WORK TASK
Below are entries with pictures in them. Output exactly the lines starting at the line with "Оклад на на" and ending at the line with "10月5日,自治區(qū)黨", both included, but not the pictures.

START PROVIDED DATA

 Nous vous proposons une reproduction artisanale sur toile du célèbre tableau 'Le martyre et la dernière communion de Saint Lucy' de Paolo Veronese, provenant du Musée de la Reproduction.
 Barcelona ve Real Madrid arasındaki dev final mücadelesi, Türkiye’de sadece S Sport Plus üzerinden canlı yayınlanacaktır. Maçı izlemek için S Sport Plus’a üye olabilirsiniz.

END PROVIDED DATA
START PROVIDED DATA

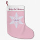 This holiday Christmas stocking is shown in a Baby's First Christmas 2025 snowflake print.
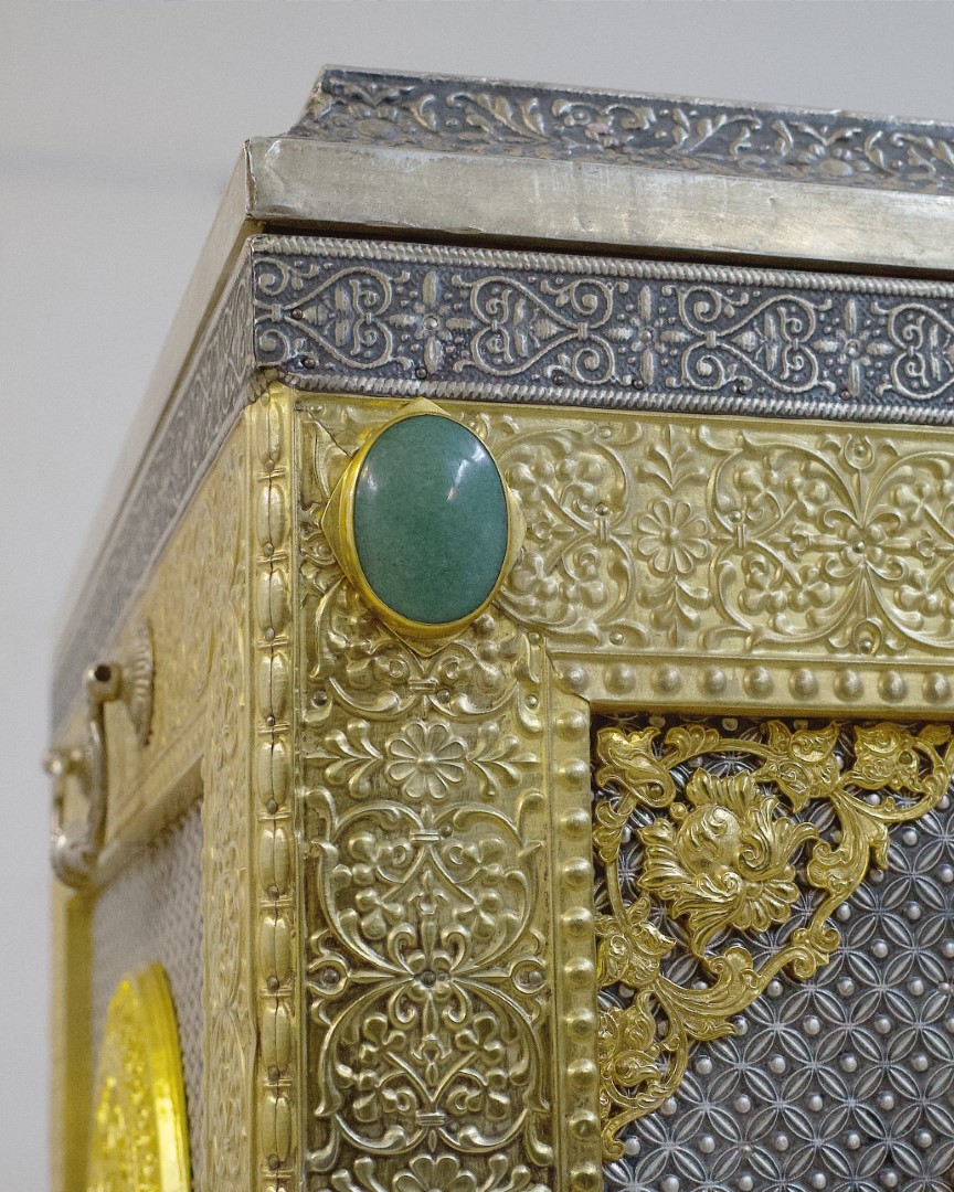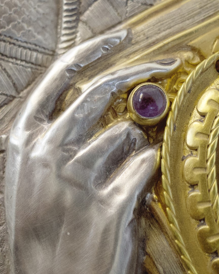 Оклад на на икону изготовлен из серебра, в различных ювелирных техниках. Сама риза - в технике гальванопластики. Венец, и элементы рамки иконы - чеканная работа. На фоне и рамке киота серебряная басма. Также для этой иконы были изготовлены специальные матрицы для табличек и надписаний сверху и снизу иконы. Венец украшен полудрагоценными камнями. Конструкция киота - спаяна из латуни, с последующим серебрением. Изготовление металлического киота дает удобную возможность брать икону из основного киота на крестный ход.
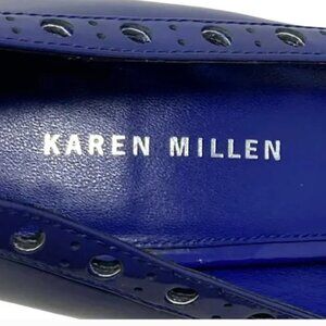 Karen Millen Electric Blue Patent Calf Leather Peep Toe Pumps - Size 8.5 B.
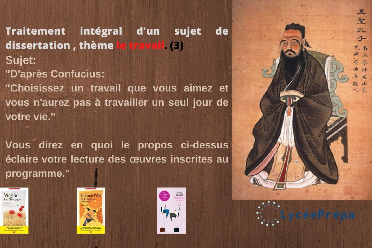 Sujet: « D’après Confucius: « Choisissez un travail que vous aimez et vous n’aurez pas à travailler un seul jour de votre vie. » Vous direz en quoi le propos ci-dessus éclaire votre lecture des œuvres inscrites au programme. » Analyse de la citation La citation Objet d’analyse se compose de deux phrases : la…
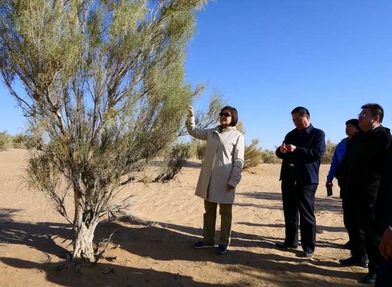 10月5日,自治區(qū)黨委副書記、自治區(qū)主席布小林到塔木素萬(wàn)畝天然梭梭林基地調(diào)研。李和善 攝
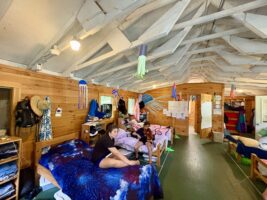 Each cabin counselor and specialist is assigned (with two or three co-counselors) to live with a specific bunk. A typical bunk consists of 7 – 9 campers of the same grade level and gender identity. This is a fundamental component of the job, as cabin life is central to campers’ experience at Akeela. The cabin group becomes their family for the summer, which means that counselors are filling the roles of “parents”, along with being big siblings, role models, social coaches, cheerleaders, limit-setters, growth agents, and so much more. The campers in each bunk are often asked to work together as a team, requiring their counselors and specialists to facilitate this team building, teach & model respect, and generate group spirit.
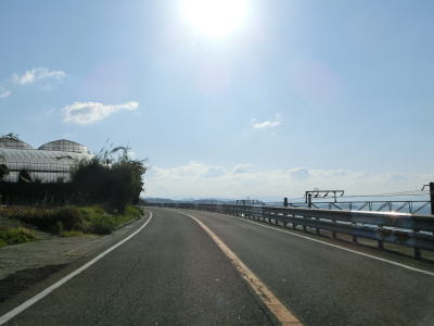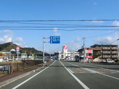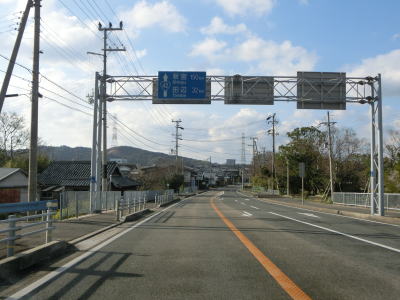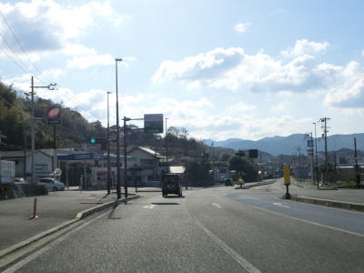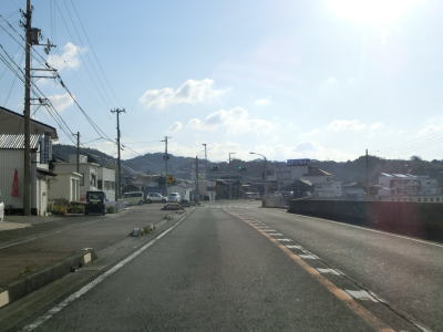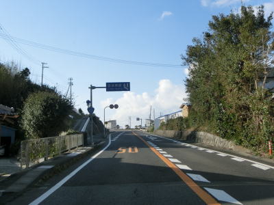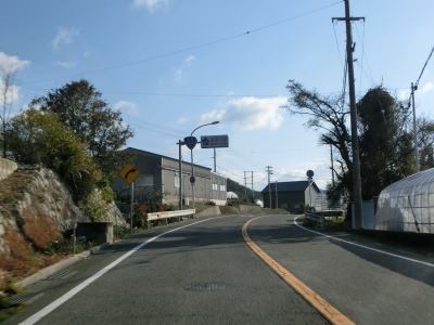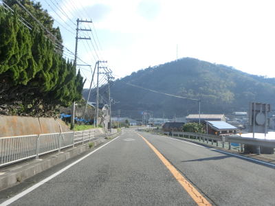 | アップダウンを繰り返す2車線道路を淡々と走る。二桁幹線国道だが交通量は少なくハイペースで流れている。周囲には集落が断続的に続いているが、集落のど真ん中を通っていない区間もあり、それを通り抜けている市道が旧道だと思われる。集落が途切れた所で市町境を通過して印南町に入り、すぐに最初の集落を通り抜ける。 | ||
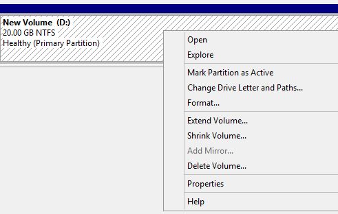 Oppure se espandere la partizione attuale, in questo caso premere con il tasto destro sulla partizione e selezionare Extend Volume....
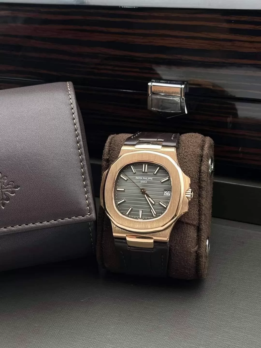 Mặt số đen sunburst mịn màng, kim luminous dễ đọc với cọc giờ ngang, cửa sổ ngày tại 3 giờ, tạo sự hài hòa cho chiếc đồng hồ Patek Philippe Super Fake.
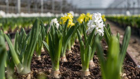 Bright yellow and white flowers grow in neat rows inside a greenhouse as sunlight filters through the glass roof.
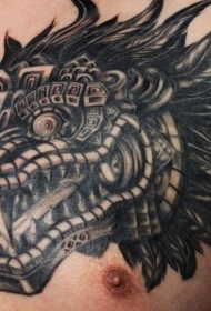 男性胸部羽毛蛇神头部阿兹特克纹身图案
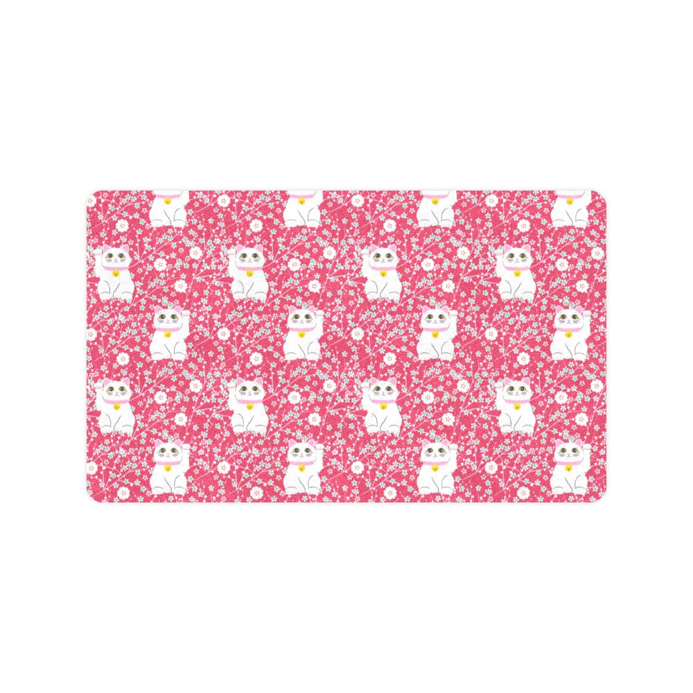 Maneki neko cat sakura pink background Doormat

END PROVIDED DATA
START PROVIDED DATA

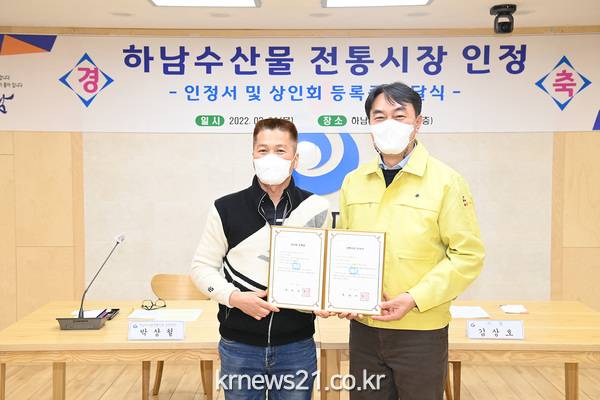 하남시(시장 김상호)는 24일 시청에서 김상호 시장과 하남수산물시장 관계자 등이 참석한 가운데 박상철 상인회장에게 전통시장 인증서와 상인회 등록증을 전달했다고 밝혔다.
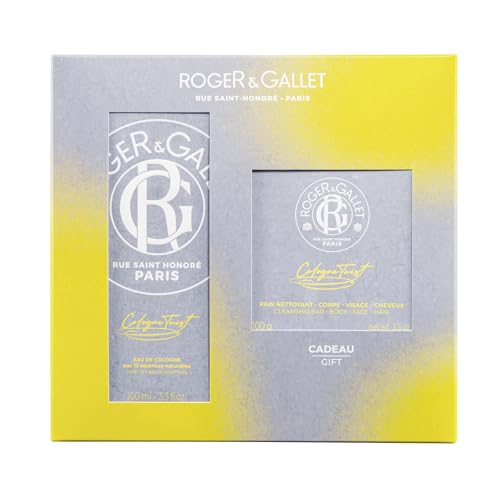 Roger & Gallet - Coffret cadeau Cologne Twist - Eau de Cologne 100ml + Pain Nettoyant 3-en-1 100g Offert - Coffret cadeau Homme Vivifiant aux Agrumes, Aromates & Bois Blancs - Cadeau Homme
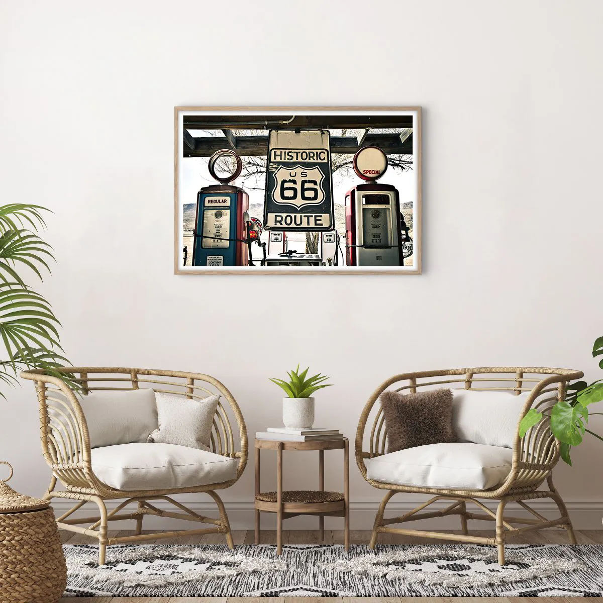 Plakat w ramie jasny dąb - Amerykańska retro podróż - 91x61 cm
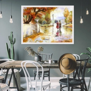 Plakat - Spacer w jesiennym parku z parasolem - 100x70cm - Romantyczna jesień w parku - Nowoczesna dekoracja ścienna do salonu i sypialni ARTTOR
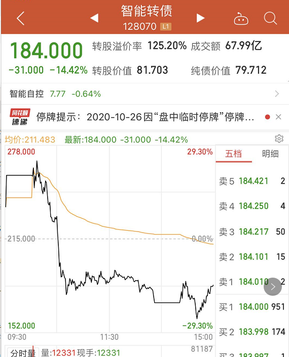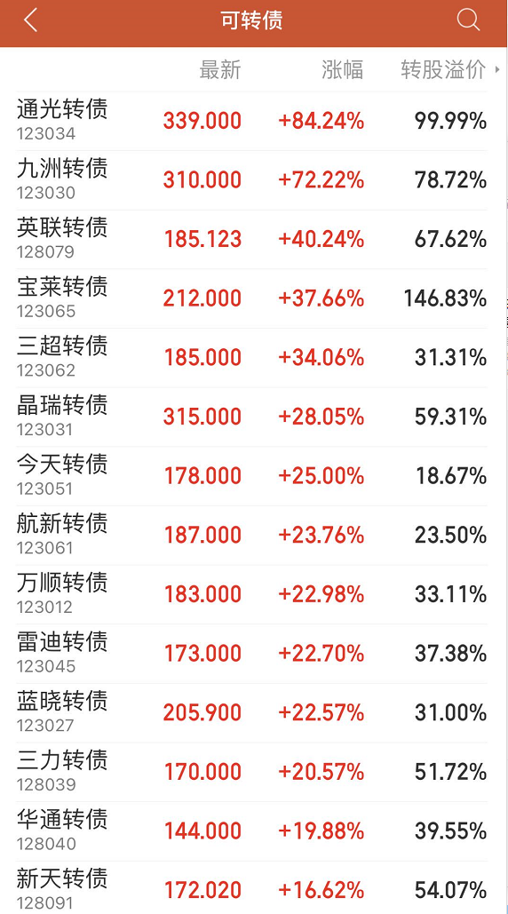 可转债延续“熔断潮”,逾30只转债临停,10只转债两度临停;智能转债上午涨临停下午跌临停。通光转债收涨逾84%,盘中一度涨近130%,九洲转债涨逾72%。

END PROVIDED DATA

ANSWER FOR THIS EXERCISE
 Оклад на на икону изготовлен из серебра, в различных ювелирных техниках. Сама риза - в технике гальванопластики. Венец, и элементы рамки иконы - чеканная работа. На фоне и рамке киота серебряная басма. Также для этой иконы были изготовлены специальные матрицы для табличек и надписаний сверху и снизу иконы. Венец украшен полудрагоценными камнями. Конструкция киота - спаяна из латуни, с последующим серебрением. Изготовление металлического киота дает удобную возможность брать икону из основного киота на крестный ход.
 Karen Millen Electric Blue Patent Calf Leather Peep Toe Pumps - Size 8.5 B.
 Sujet: « D’après Confucius: « Choisissez un travail que vous aimez et vous n’aurez pas à travailler un seul jour de votre vie. » Vous direz en quoi le propos ci-dessus éclaire votre lecture des œuvres inscrites au programme. » Analyse de la citation La citation Objet d’analyse se compose de deux phrases : la…
 10月5日,自治區(qū)黨委副書記、自治區(qū)主席布小林到塔木素萬(wàn)畝天然梭梭林基地調(diào)研。李和善 攝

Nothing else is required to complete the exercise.